**** RECORDS PROVIDED

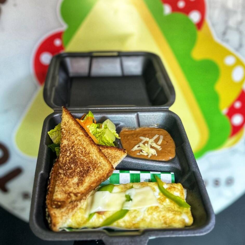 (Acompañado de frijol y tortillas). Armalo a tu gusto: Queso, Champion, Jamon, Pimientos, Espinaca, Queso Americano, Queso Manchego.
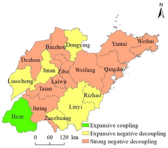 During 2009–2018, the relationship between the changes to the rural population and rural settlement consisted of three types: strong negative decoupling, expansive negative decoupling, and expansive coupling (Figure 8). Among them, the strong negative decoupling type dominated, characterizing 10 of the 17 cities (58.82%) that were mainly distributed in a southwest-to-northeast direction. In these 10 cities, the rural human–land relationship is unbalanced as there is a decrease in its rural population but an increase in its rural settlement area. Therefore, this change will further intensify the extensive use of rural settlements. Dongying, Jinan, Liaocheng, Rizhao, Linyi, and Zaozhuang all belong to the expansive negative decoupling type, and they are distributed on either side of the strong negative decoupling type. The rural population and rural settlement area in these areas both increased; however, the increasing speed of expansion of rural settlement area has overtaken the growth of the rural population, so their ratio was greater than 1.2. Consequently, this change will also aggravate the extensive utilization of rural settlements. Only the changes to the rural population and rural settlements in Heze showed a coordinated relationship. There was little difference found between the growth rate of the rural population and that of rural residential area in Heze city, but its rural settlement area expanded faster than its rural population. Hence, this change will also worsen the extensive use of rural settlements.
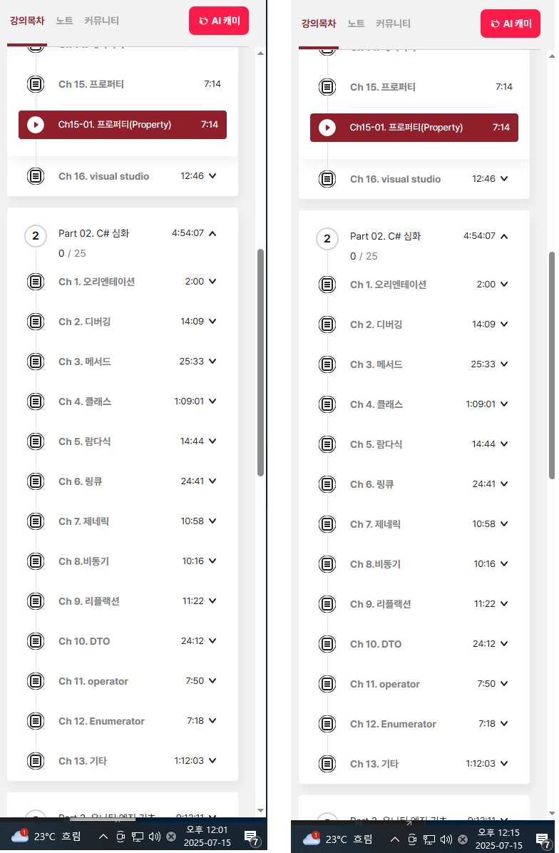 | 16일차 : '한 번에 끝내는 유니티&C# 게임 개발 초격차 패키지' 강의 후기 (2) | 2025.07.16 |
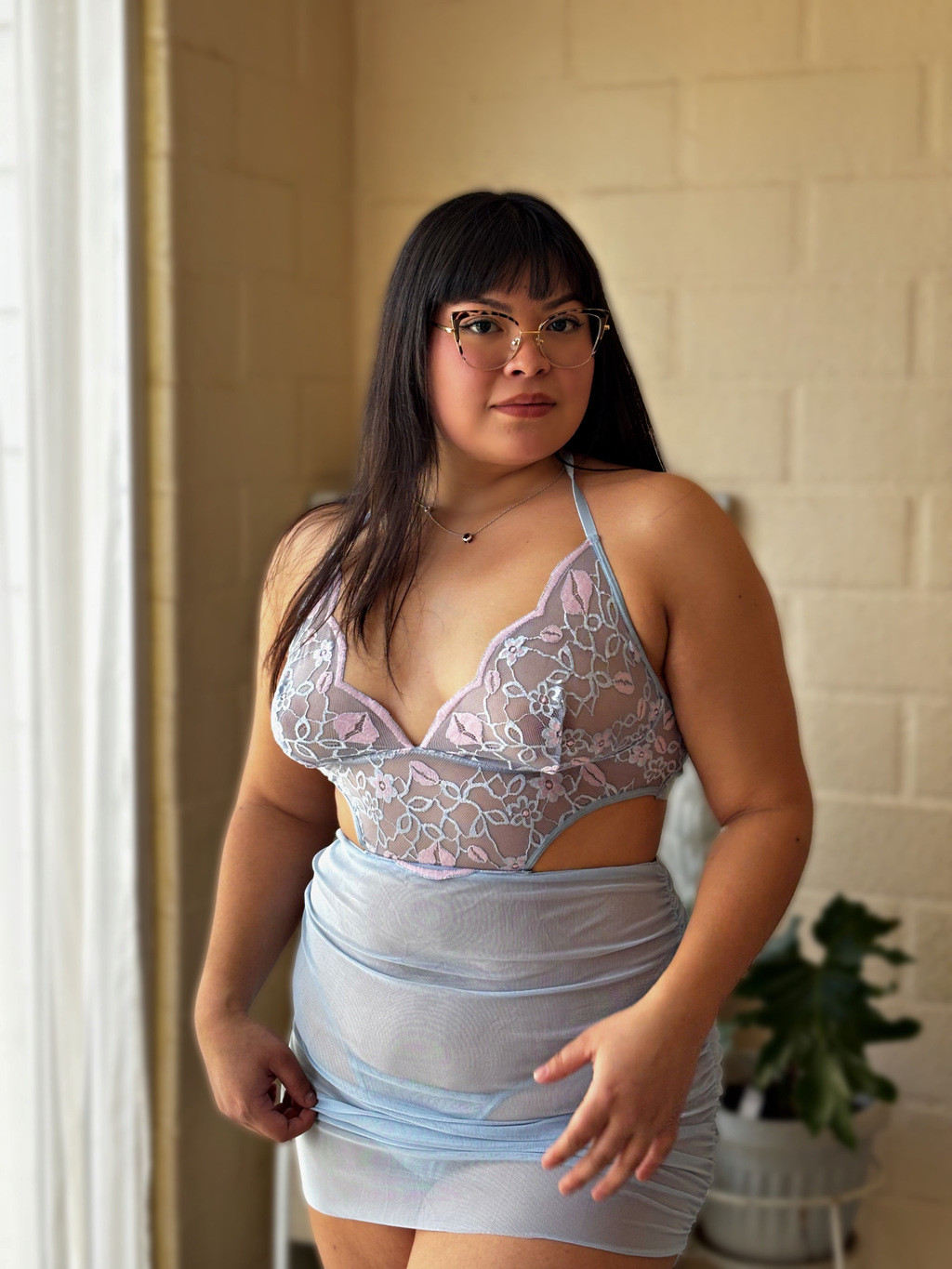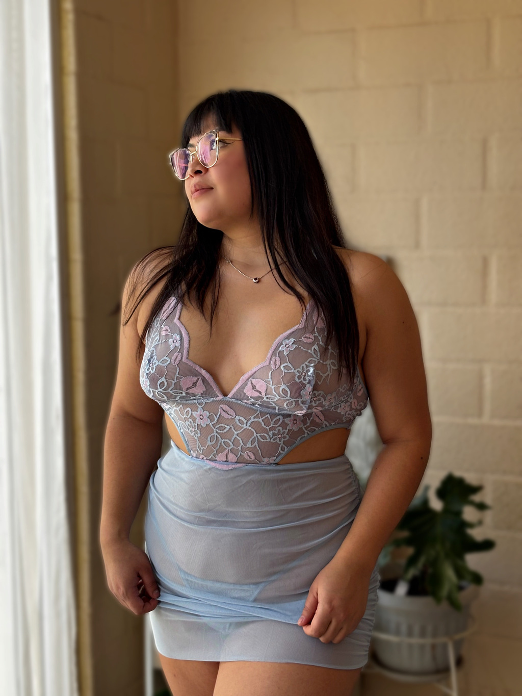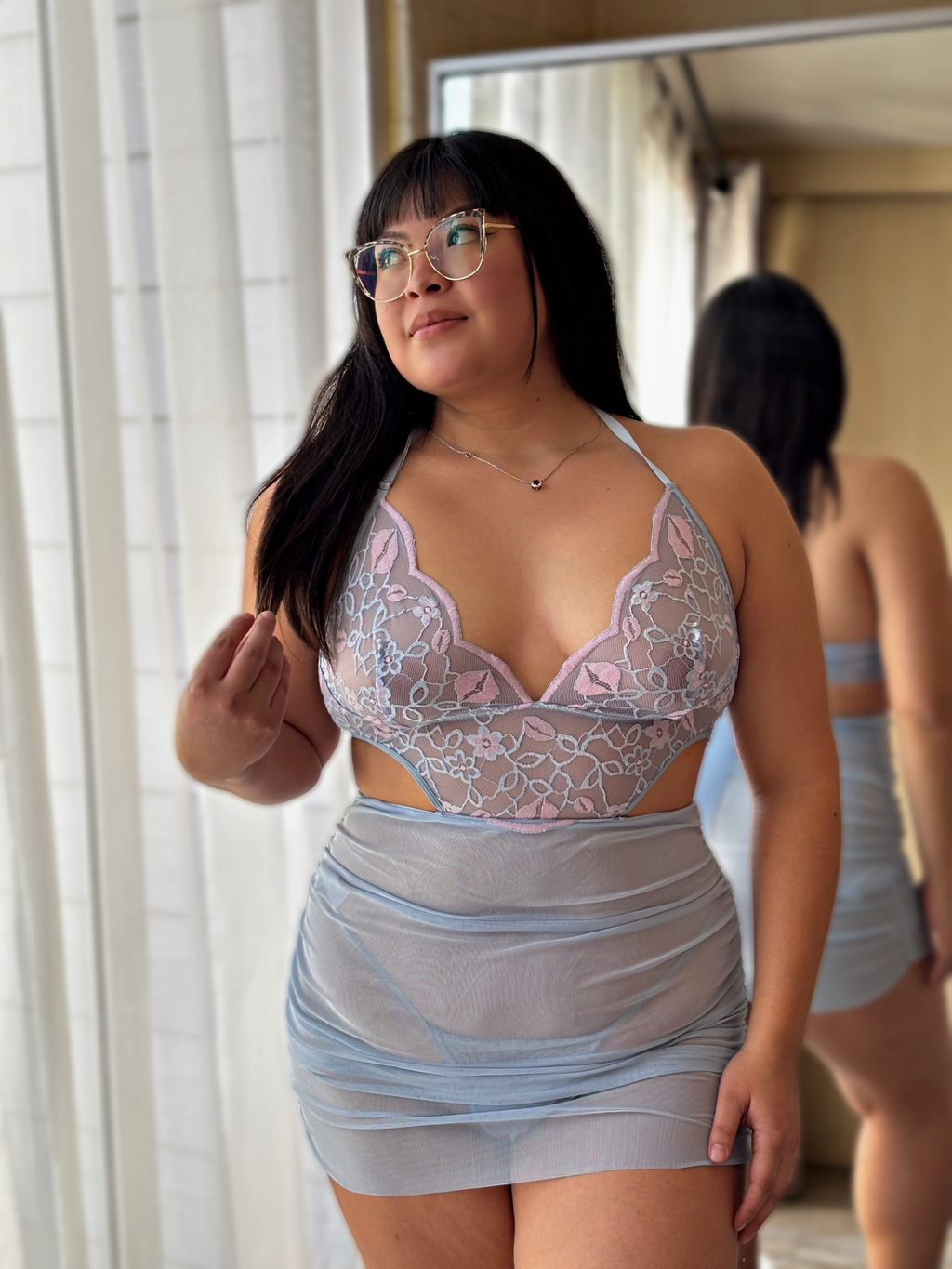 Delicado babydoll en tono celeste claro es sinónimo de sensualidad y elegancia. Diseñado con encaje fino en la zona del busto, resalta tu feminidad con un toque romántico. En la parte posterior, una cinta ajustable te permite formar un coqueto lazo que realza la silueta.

********
**** RECORDS PROVIDED

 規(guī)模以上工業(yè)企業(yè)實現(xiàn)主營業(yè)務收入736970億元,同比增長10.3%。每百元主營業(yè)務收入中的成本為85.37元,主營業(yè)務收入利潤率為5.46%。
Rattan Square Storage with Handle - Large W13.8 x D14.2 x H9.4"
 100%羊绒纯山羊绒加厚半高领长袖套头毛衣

********
**** RECORDS PROVIDED

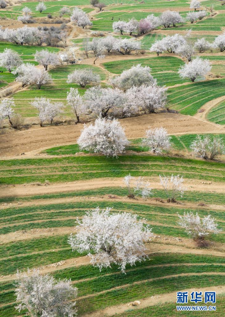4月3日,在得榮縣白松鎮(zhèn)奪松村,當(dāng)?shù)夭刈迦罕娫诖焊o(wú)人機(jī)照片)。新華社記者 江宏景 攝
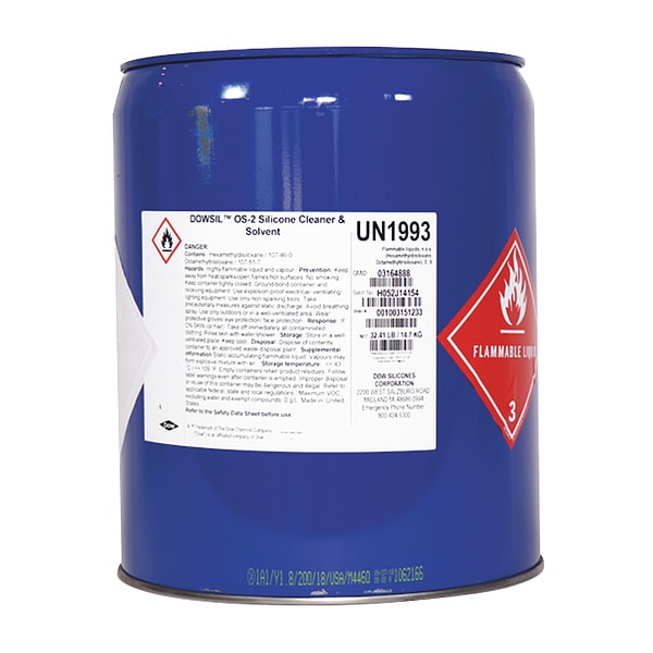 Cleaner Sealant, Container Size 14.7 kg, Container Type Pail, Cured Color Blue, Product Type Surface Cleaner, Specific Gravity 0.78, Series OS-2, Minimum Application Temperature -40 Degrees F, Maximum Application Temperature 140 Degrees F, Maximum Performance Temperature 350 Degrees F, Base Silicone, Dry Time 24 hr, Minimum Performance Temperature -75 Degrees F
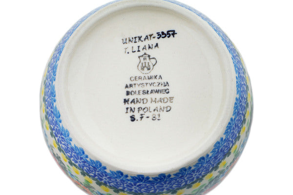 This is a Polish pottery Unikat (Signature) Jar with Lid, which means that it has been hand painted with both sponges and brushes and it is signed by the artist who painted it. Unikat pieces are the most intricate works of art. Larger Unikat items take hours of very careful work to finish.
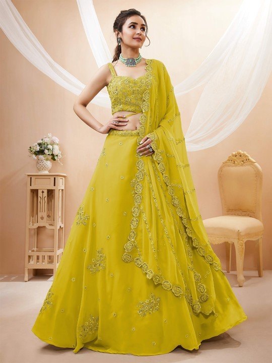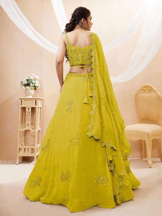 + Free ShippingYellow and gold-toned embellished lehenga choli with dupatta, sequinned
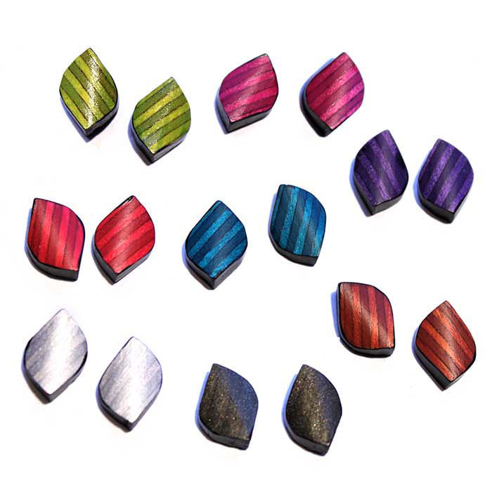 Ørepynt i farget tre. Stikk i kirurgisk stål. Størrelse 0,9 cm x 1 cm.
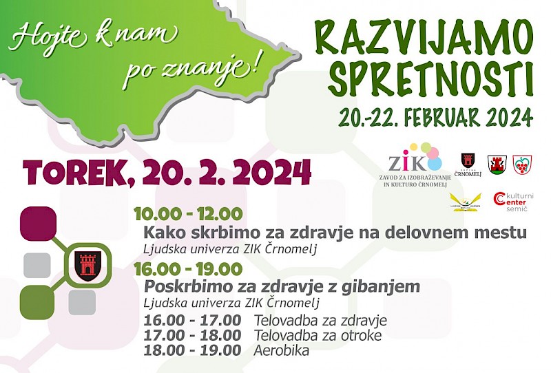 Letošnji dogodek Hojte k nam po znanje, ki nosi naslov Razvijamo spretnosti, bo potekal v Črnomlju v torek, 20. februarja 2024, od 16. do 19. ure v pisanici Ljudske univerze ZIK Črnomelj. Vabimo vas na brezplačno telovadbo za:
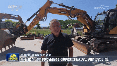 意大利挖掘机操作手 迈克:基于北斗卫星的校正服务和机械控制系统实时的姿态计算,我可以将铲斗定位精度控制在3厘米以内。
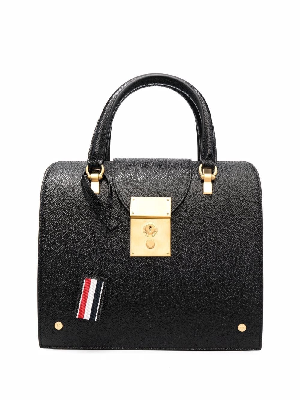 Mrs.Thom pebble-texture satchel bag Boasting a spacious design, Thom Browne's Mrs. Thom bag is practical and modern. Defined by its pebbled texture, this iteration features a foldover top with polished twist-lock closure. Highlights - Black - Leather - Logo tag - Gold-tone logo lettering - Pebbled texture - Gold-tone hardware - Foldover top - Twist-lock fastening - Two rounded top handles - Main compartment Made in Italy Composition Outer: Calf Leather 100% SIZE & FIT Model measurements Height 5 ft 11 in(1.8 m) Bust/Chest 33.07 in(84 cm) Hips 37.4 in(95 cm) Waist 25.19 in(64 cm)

********

> **ASSIGNED TASK**: Retype, in the same exact form, the lines of the material above from the line holding "規(guī)模以上工業(yè" through the line holding "100%羊绒纯山羊绒加厚半高领长袖套头毛衣".

> **ANSWER TO THE PROBLEM**:
 規(guī)模以上工業(yè)企業(yè)實現(xiàn)主營業(yè)務收入736970億元,同比增長10.3%。每百元主營業(yè)務收入中的成本為85.37元,主營業(yè)務收入利潤率為5.46%。
Rattan Square Storage with Handle - Large W13.8 x D14.2 x H9.4"
 100%羊绒纯山羊绒加厚半高领长袖套头毛衣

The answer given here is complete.